A relação entre tecnologia e indústria de base no primeiro mundo, incluindo relações específicas entre capital, trabalho, mercados, e meios de produção quase nunca é considerada como um aspecto da proliferação dos livros de artista, apesar do papel óbvio que esses elementos têm no contexto que tornou esse desenvolvimento possível. Apenas no nível de transformações da tecnologia essas conexões são manifestas em todos os aspectos da produção de um livro — por exemplo, considere as possibilidades que a fotocomposição, a tipografia digital e a editoração eletrônica tornaram disponíveis para a manipulação do texto na página, sem mencionar os modos em que a indústria da publicidade ampliou as possibilidades do design. Existe uma tendência, nesta área assim como em outros campos das artes, de escrever a história dos livros de artista — ou, até mesmo, de atividades relacionadas como a história dos livres d'artistes — como se o contexto especifico do primeiro mundo fosse irrelevante. Esta é uma área em que a obra de alguém como Felipe Ehrenberg daria um estudo particularmente rico uma vez que sua atividade artística perpassa o primeiro e o terceiro mundo nos campos cultural, social e econômico e ele tem se envolvido com o ensino das artes do livro e impressão em uma grande variedade de circunstâncias e comunidades. 13

Ann Chamberlain me passou uma informação interessante quando eu estava trabalhando com ela em um ensaio para acompanhar uma exposição com a sua curadoria na Galeria de la Raza em San Francisco no outono de 1992. Ela comentou que na cidade do México, pode-se contratar as habilidades de tipógrafos impressores a baixo custo, pois eles trabalham nas arcadas de uma particular praça pública e imprimem sob demanda, no local, de modo que muitos artistas do livro utilizam este serviço, mas do que imprimir seus próprios textos ou obter os meios para fazêlo. Existe uma anedota que demonstra as diferenças na economia da tecnologia de impressão e disponibilidade em diferentes culturas.
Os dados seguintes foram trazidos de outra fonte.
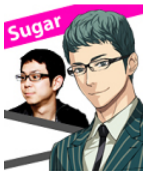
擔任占星術師 知性草食男

NFS 的團長。將占卜師定位為「問題解決者」，不侷限於占卜師的框架下，無需面對面算命，就能透過各種媒體，將自己預測的占卜內容傳送給您，每月約有 500 萬名用戶。目前正在展開將「日本占卜術推展到海外」，其中特別對亞洲大力推廣，同時在日本的 COOL JAPAN 政策下，除了動畫、漫畫、遊戲之外，也致力在遊說活動中加入占卜內容。
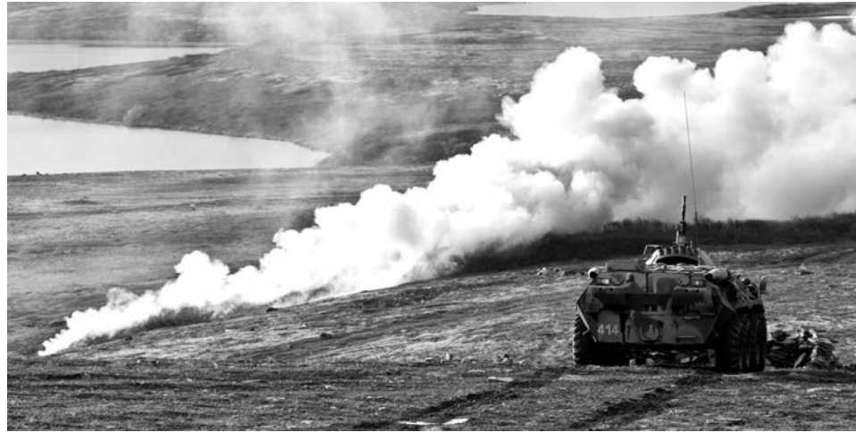
Учебный бой на полигоне Пумманки проходил динамично, заставив экипажи бронетранспортеров действовать на опережение.

Оборону морского побережья вели «черные береты» отдельной Киркенес-
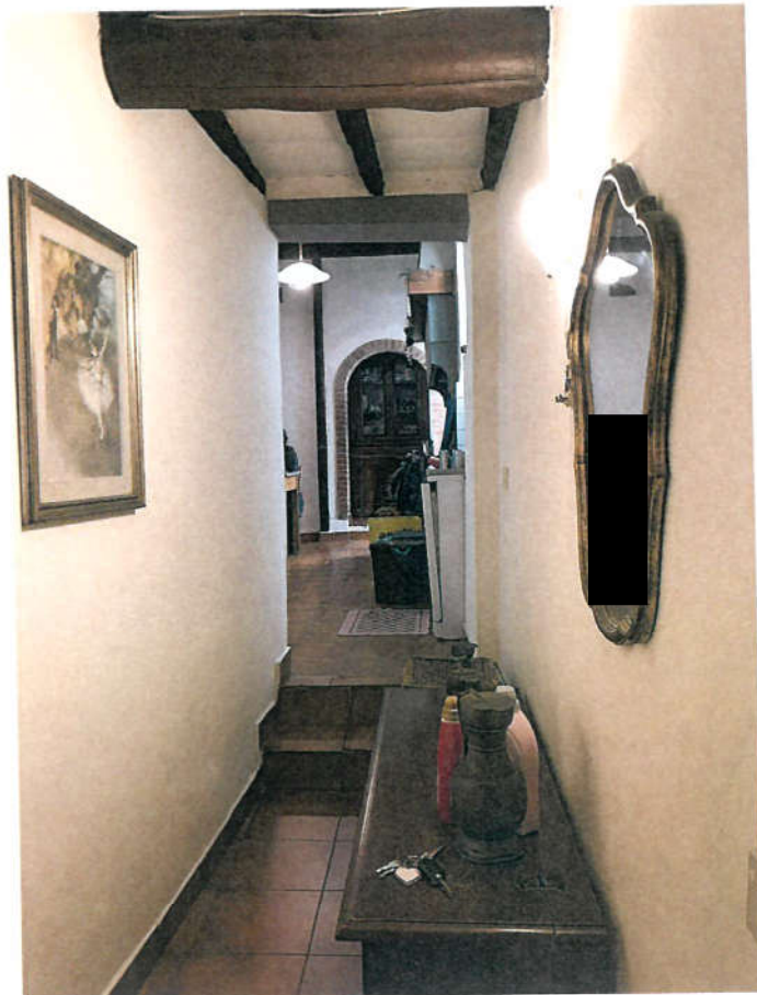
INTERNI (INGRESSO) 3
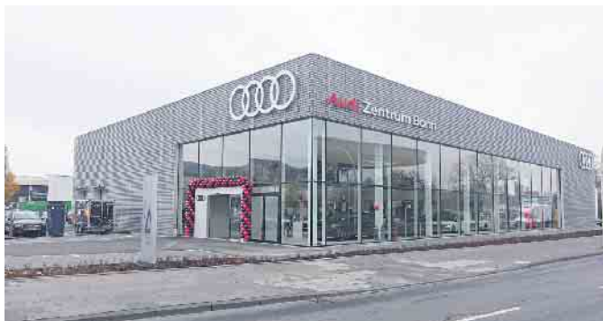
Straßenansicht des neuen AUDI Zentrums an der Bornheimer Str. 222 in Bonn

Das Traditionsunternehmen Fleischhauer-Franz hat am 17. November sein neues, dreigeschossiges AUDI Zentrum am Standort Bonn in der Bornheimer Str. 222 eröffnet.
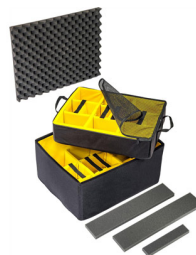
1637AirDS Set di divisori imbottiti
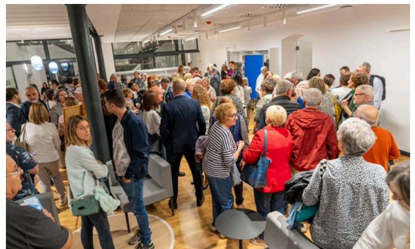
Alguns dels participants, abans de l'inici de les Jornades de les Lletres Ebrenques.
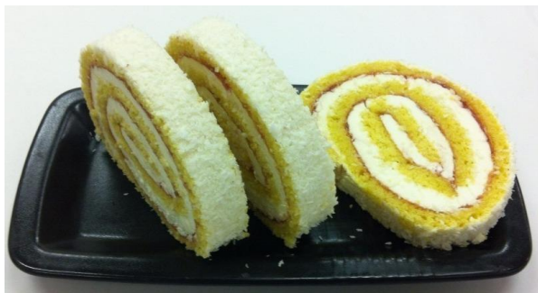
8008 Roláda kokosová
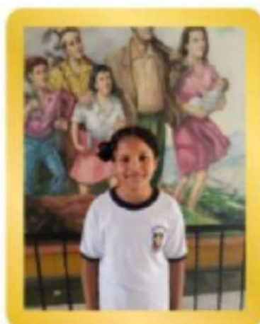
Scarlig Sumoza Sana Convivencia y Valores Franciscanos
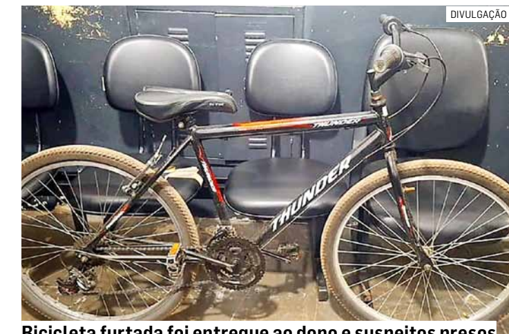
Bicicleta furtada foi entregue ao dono e suspeitos presos

Os policiais colheram informações das características do autor do furto e, após patrulhamento, o homem foi localizado escondido próximo à Praça Poderosa. Aos militares, ele confessou onde e para
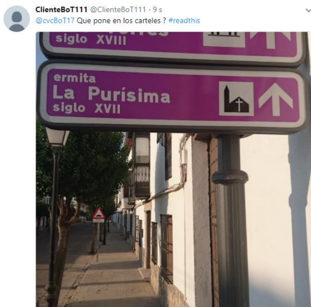
Figura 1. Ejemplo de petición de un servicio.
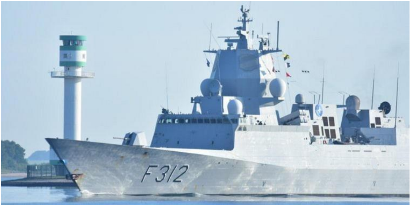
Die norwegische Fregatte OTTO SVERDRUP passiert den Leuchtturm Friedrichsort, einlaufend Kiel
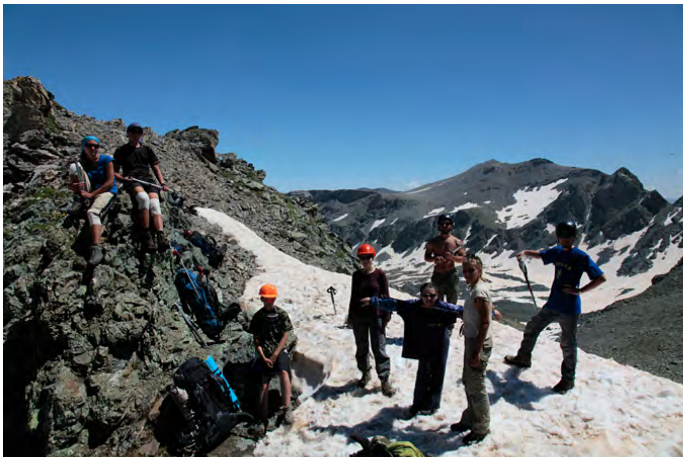
Потом траверсом поднимаемся на перевал Федосеева сн-ос (1А, 2980м) в 12:00.
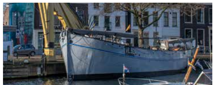
De Balder zonder masten. Inmiddels zijn twee stalen masten geplaatst.

Het aantal vrijwilligers kwam eind 2023 uit op 32 personen. In totaal zijn er dit jaar door de vrijwilligers, inclusief het bestuur, ca.4400 uren ingezet.
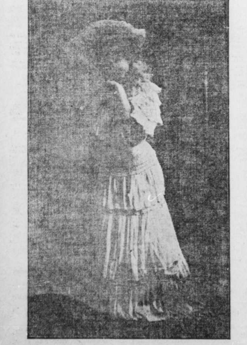
Cette élégante et fraîche toilette, chapeau compris, est toute en linon de soie rose perle. Les volants, de même que le chapeau, sont plissés sur cordonnets.
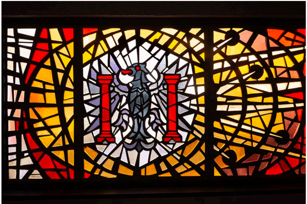
Partie gauche vue de face.
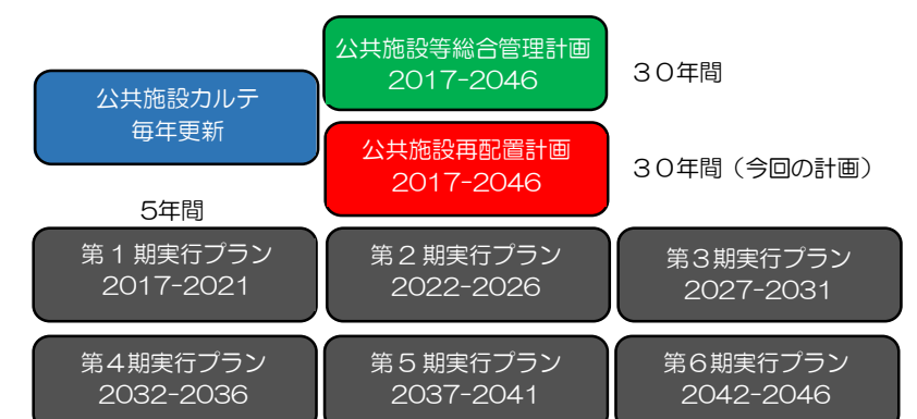
図表2 第1期～第6期実行プラン

○分散管理している施設の維持管理は、一元化し「予防保全型」の維持管理を推進するための体制を構築します。また、建物や設備機器等を定期的に点検・診断するためのマニュアル作成等に取り組みます。
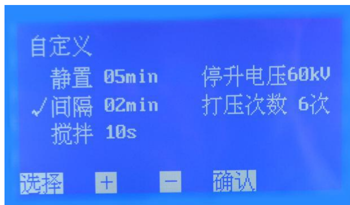
图 6. 自定义设置子页面

在图 6 页面下，按 选择 键移动光标到相应的选项，再按 + 或 - 键可进行相关参数的设置。其中：
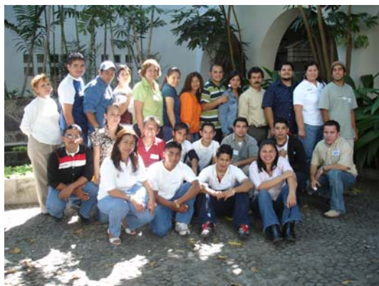
Algunos de los 43 participantes del Taller de Carta de la Tierra; De Jóvenes para Jóvenes.

Taller de Carta de la Tierra de Jóvenes para Jóvenes realizado en Colima, Col. El 9 y 10 de febrero de 2007.
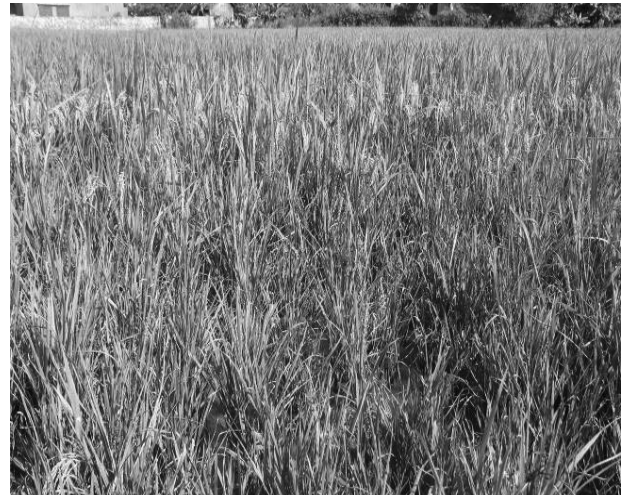
Lùn sọc đen, sọc đen dọc theo lóng thân
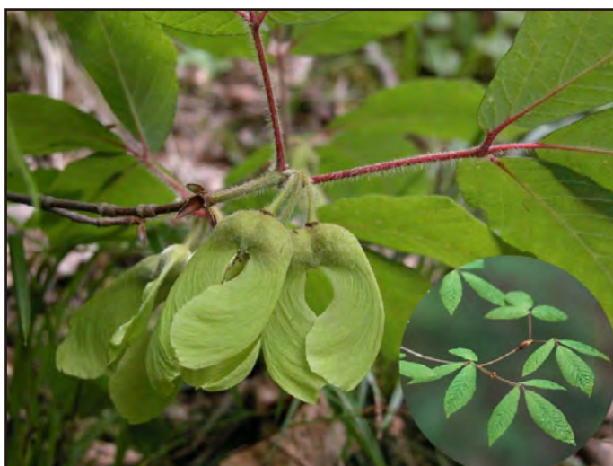
林 二良・2005年6月19日・内浦・(葉) 白井伸和
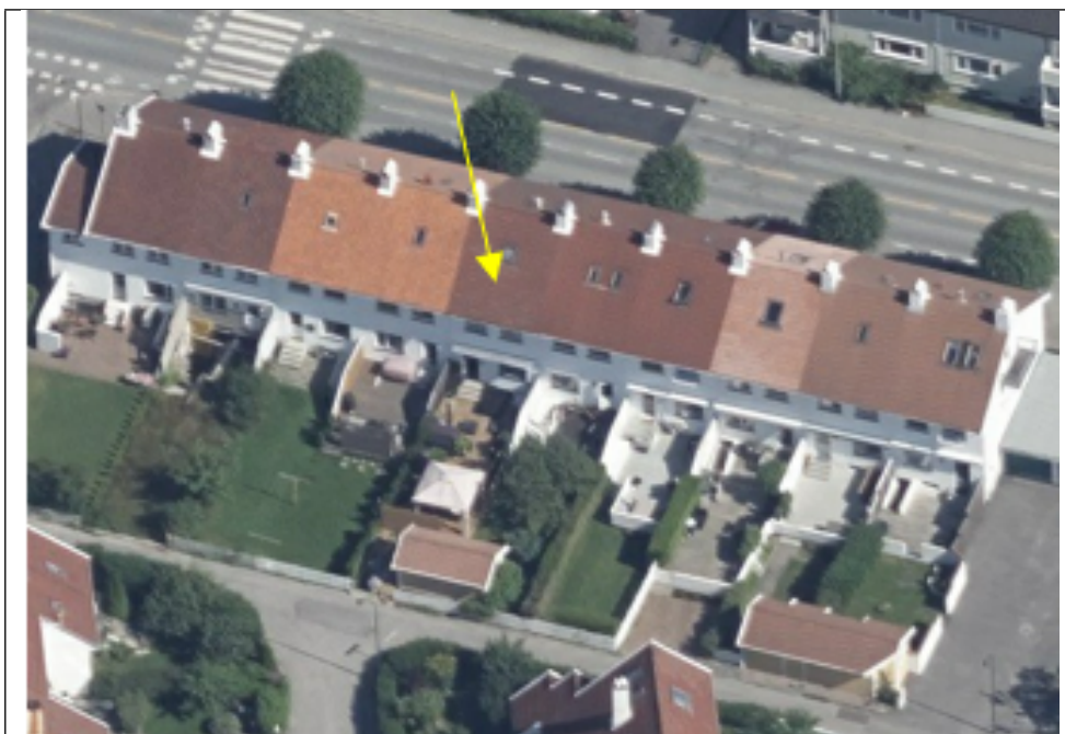
Situasjon etter omsøkt løsning
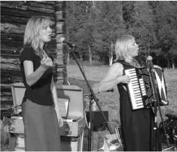
Bilderna är från föreställningen som gavs i Rismyrliden utanför Boliden
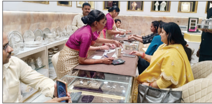
के आकर्षक एवं प्रमाणित आभूषणों की विस्तृत श्रृंखला उपलब्ध होगी, जो हर खास अवसर को और भी यादगार बनाएगी। नया शोरूम आधुनिक सुविधाओं, सुसज्जित वातावरण और व्यक्तिगत ग्राहक सेवा के साथ एक

रथयात्रा पर चेतमणि जेम्स एण्ड ज्वेल्स का पुनः शुभारम्भ
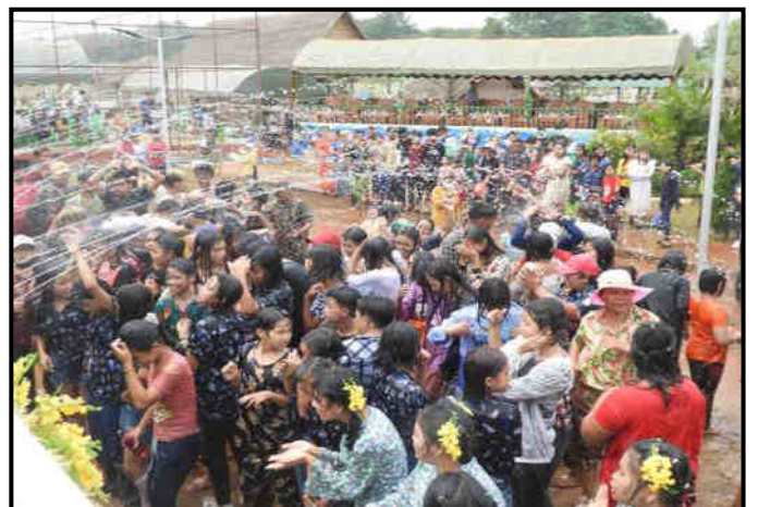
အရှေ့မြောက်တိုင်းစစ်ဌာနချုပ်
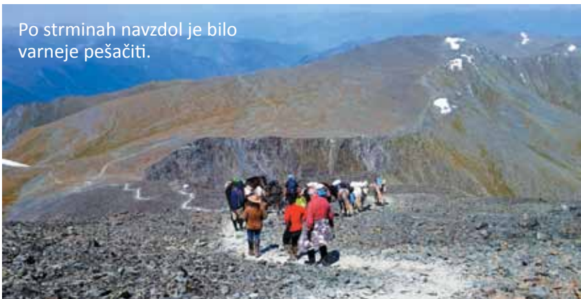
Po strminah navzdol je bilo varneje pešačiti.

žgalo sonce, zdaj bičal mrzel veter in hladile kaplje dežja. Po strmini na drugi strani prelaza smo se spuščali peš, na konjih bi bilo prenaporno in preveč nevarno. Pot navzdol se je vlekla v neskončnost, saj je naš vodnik Arkadij ocenil, da se bliža slabo vreme, zato smo morali prehoditi večji kos poti od prvotno
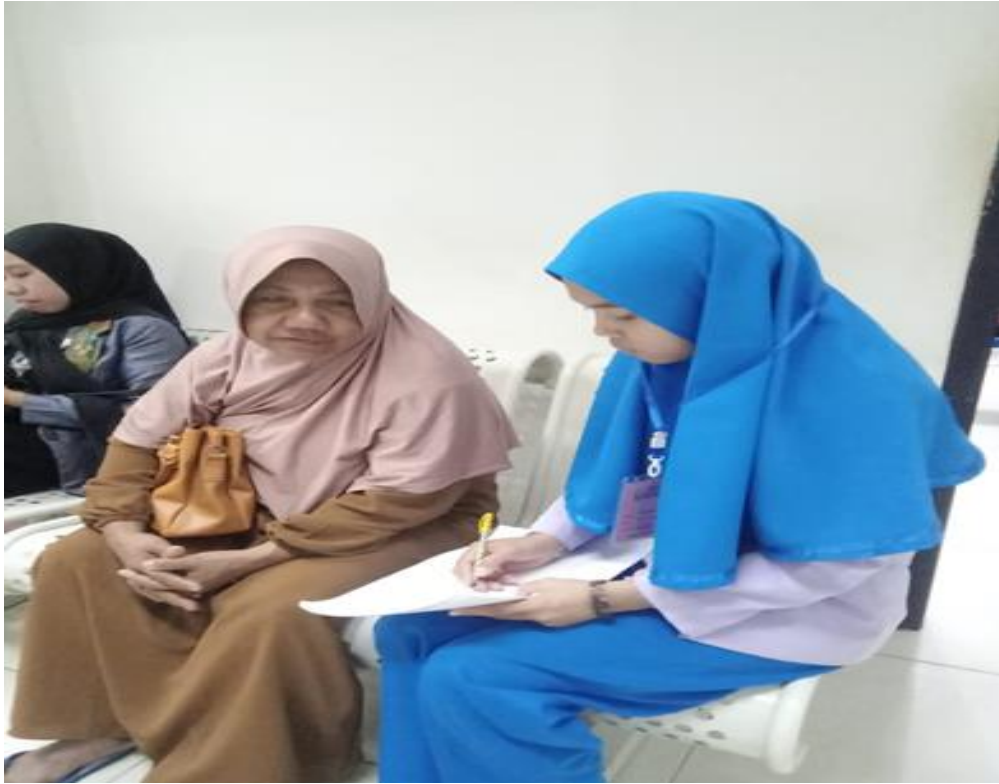
Gambar : 3 proses wawancara

Existem também muitos artistas fazendo livros que conseguem acesso ao equipamento por trabalhar em oficinas durante o dia e imprimem o próprio trabalho nas horas de folga. 14

Clifton Meador sempre comenta como é legal a “má” impressão — ou como pode ser legal na situação correta. Tal “má” impressão revela-se aos olhos entendidos, mostrando efeitos da manipulação dos processos de impressão com respeito a pressão, água, entintagem e assim por diante. Fine Print journal, que foi estabelecida em San Francisco por Sandra Kirschenbaum em 1975, e funcionou por quinze anos, foi uma arena relativamente contemporânea para a discussão do trabalho das edições de luxo, assim como a efêmera Bookways, publicada por W. Thomas Taylor, enquanto as colunas de Print Collector's Newsletter sempre resenham livres d'artistes, dada sua audiência de colecionadores de estampas. Nancy Princenthal chamou a atenção para livros de artista em sua coluna no PCN por muitos anos, uma notável exceção. De novo, estes são apenas os exemplos mais comuns, e existem outras publicações dirigidas a esse gênero no mercado internacional — como as Nouvelles de l'Estampe, da Bibliothèque Nationale em Paris, para não mencionar os muitos catálogos de antiquários e vendedores dirigidos a bibliófilos para quem os livros de artista ainda são uma região desconhecida, não mapeada.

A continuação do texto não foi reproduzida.